DURING the divorce process:
– Advise your client to carefully review the way debt division is written in the decree. Vague language such as, “Petitioner is responsible for the following indebtedness: her Visa, her Citibank and her Wells Fargo accounts,” creates havoc when someone has two Visa cards, three Citibank cards and two loans with Wells Fargo, all of them joint. The client understands which accounts are being referred to, but an under writer won’t. Be sure to inform your client to clarify.
– Explain the notion that even though they are getting divorced, their credit can still be married. Joint debt activity is reported on both of their credit reports until the debt is paid off and the account is closed, or refinanced into one name. This is bad news for the non-responsible party if late payments occur. The damage to that person’s credit score could cost him or her a loan approval; ugly but true. If possible, advise eliminating joint debt.
– Suggest your client monitor joint accounts by agreeing on access until everything is paid off, closed or refinanced. Internet access is convenient, but not always possible. It is possible to inform creditors without Web sites of the situation and request both parties be notified in case of delinquency. Better your client cough up the payment on an account that the ex can’t pay this month, rather than risk finding out later that his/her credit score is trashed.
– Remind your client when listing children to include birth dates. This will save your client the hassle of providing birth certificates at loan application time. Age determination is important, as guidelines allow child support income to be included only when it will continue for the next three years. In most cases, this is until the child turns 18 or graduates from high school, whichever happens last.

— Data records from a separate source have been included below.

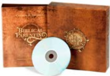
Biblical Parenting by Charles R. Swindoll CD series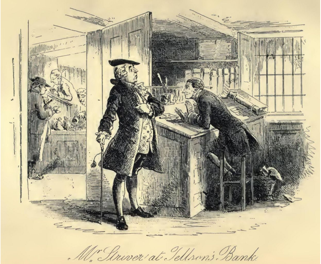
Mr. Grover at Tellson's Bank.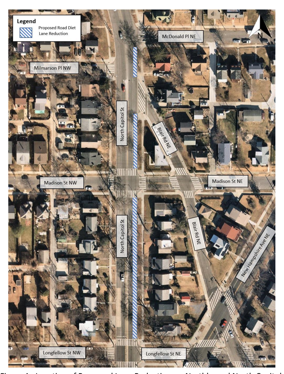
Figure 1: Location of Proposed Lane Reduction on Northbound North Capitol Street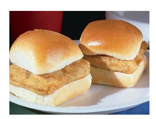
Mini-Biscuit Chicken Sandwiches These mini-biscuits contain a breaded chicken patty made from white and dark meat. They come packed in a single serving with two biscuits, ready for the microwave and great for the snack area in convenience stores.

Chicken Frankfurters, Bologna & Sausage Chicken frankfurters are a blend of mechanically deboned white and dark meat. Chicken bologna is cured, seasoned and mechanically deboned chicken meat. Cocktail franks are miniature chicken frankfurters. Chicken sausage is available in a variety of shapes, types and sizes, including breakfast sausage.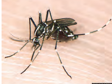
Ary Farajollahi, Bugwood.org Asian Tiger Mosquito, Aedes albopictus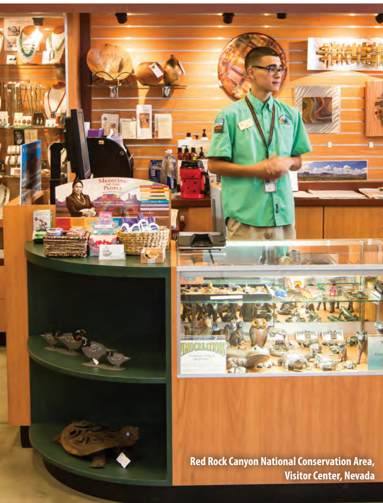
Red Rock Canyon National Conservation Area, Visitor Center, Nevada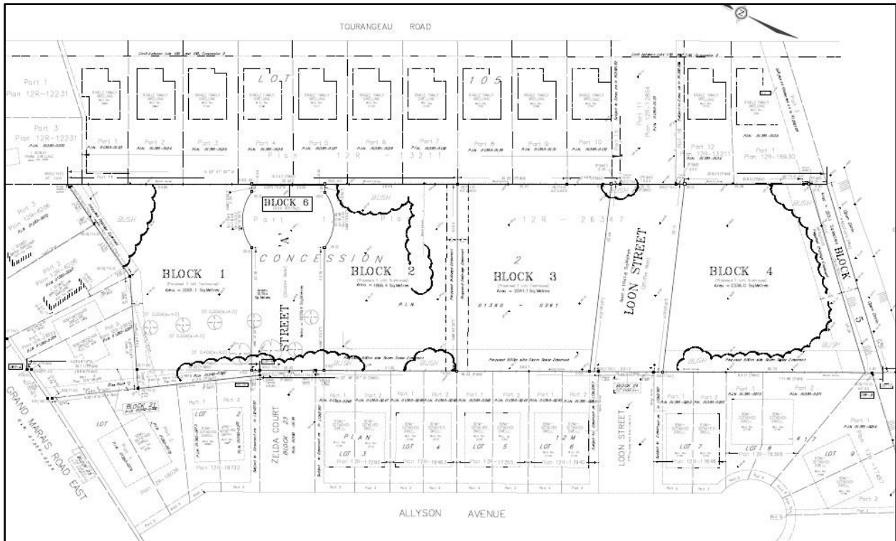
Figure 2b – Draft Plan

The draft plan illustrates the blocks to be created for the lots and the roadways.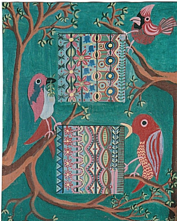
Eliza Schmid “Decorations Unwelcome by Birds” egg tempera on panels collaged on canvas, 20x16”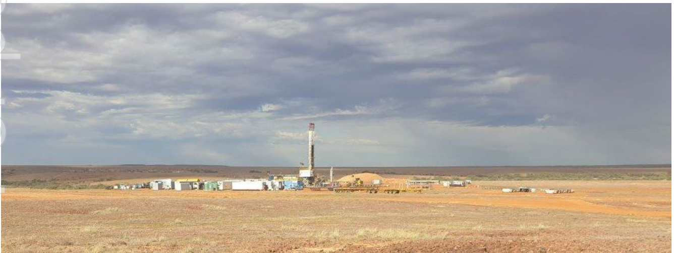
Figure 2: Yarrow Well activity at Innamincka Project - 15 September 2022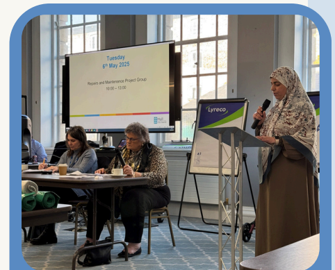
This months Tenants’ Forum

A volunteer reported that it would take 7 days to remove a sofa from the communal area of a low-rise block. Following the report, the Assistant Director for Housing changed the procedure so that all items are removed from communal areas immediately, regardless of whether it is a low, medium or high-rise block.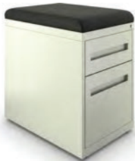
C-Series - Full Pull

Mobile pedestals are available with optional Cushions.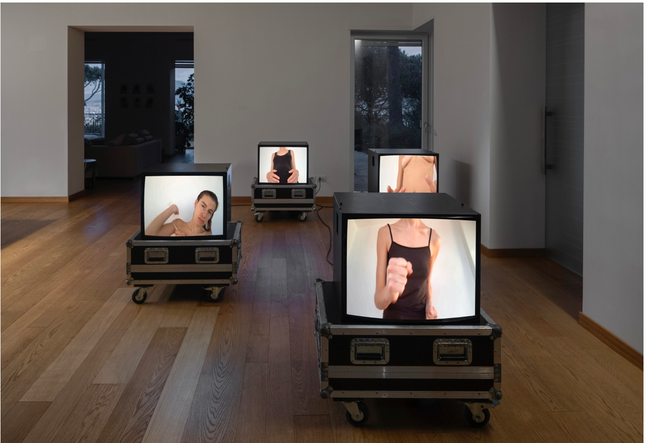
Welcome to My Gym , 2024, eight video performances (color, sound), duration per single video performance: 0'44" – 4'17", Hantarex monitor, 61 × 46 × 48 cm, 3 + 1 AP, installation view, 480 Site Specific, Naples, December 6, 2024 – January 6, 2025, Photo: Maurizio Esposito.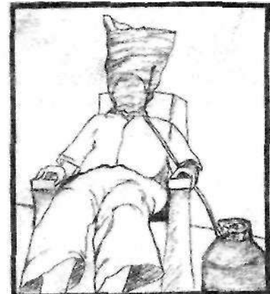
Fasten strap snugly around the neck and inhale deeply. Keep gas flowing steadily until tank is empty. Patient dies in 5-15 minutes.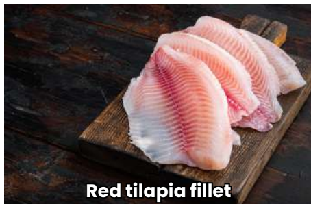
Red tilapia fillet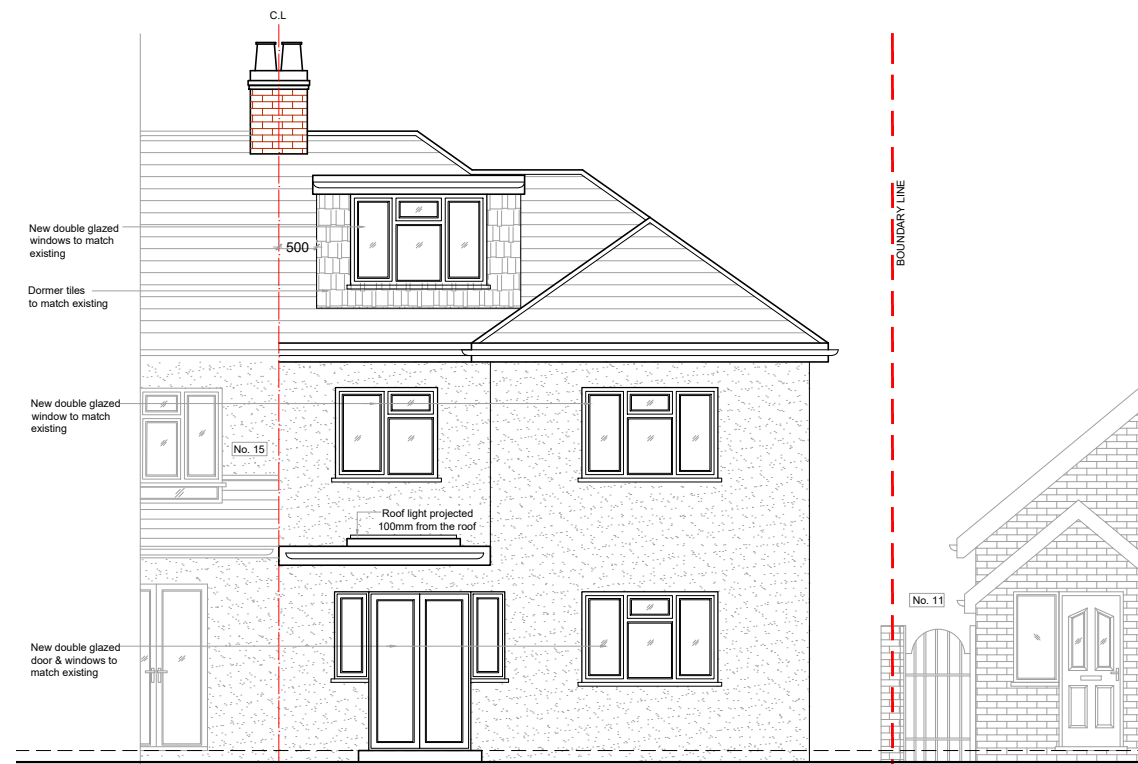
02 - REAR ELEVATION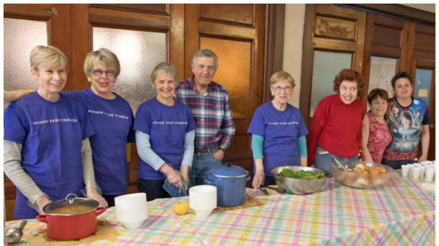
Our Faithful Team serving the hungry on 4-24-18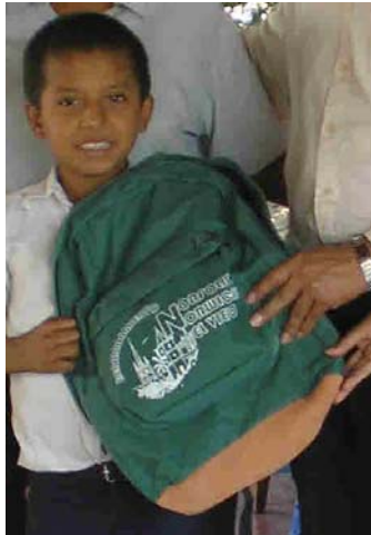
Schoolbags given to each scholarship pupil now carry the Link logo

Much is due to the dedication of the teachers who workresources to assist them. The Link Committee sent a letter of thanks to all the teachers involved in the scheme, and particularly to those who serve on the local committee. They certainly are deserving of our thanks. Many of the teachers live considerable distances from the rural schools some of which are very isolated. They depend to a large extent on the informal travel service of lifts given in the ubiquitous Toyota pick-ups which travel the area. They also have to walk long distances to reach some of the schools either in the heat and dust of the dry season or the rain and mud of the rainy months.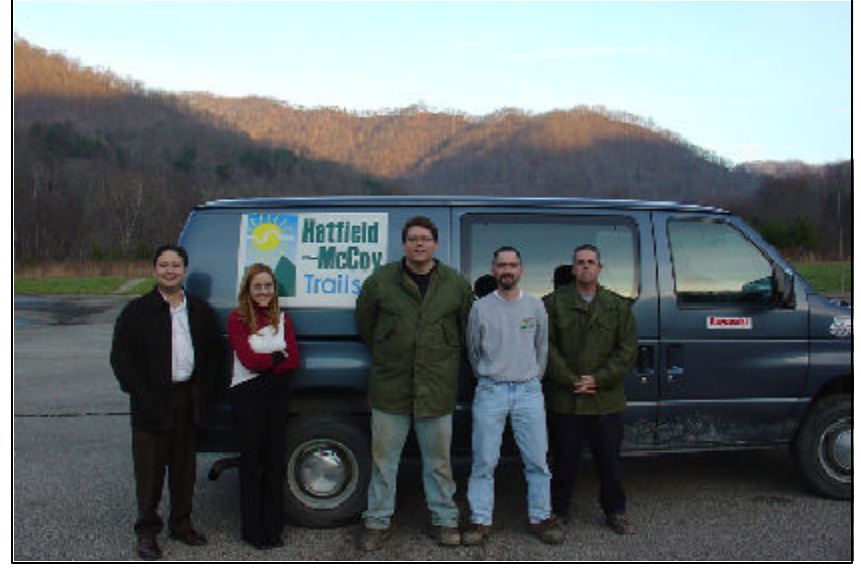
Offering Outdoor's Excitement

"The whole principle behind the program is that it is <u>surplus</u> – things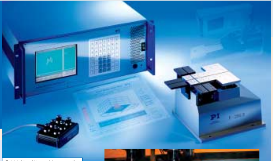
F-206 HexAlign with controller and manual control pad.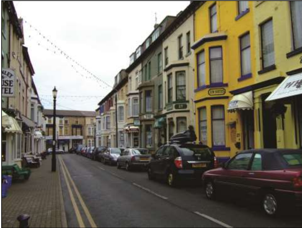
York Street looking East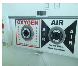
Figure 2: Example of a terminal unit warning label

Similarly to the use of flaps on medical air flowmeters, labels have a limited impact on reducing human error when implemented on their own. They can however be effective if used in combination with other approaches as they help to differentiate between different gas outlets.

– Is your client trying to qualify and close on a home during the divorce? Most lenders will require a legal separation agreement, especially if there are minor children involved. Lenders want something from the courts to get an accurate picture of potential debt division, alimony and child support payments. If your client is planning on using income awarded in the agreement, then he/she must provide a well documented history of receiving the income for a period of three to 12 months, depending on the lender’s requirement. If this is not possible, then your client might be out of luck.
AFTER the divorce:
– Make sure both parties have copies of tax returns for the last three years and copies of the signed divorce decree and any other important documents (bankruptcies, birth certificates, account statements, etc.).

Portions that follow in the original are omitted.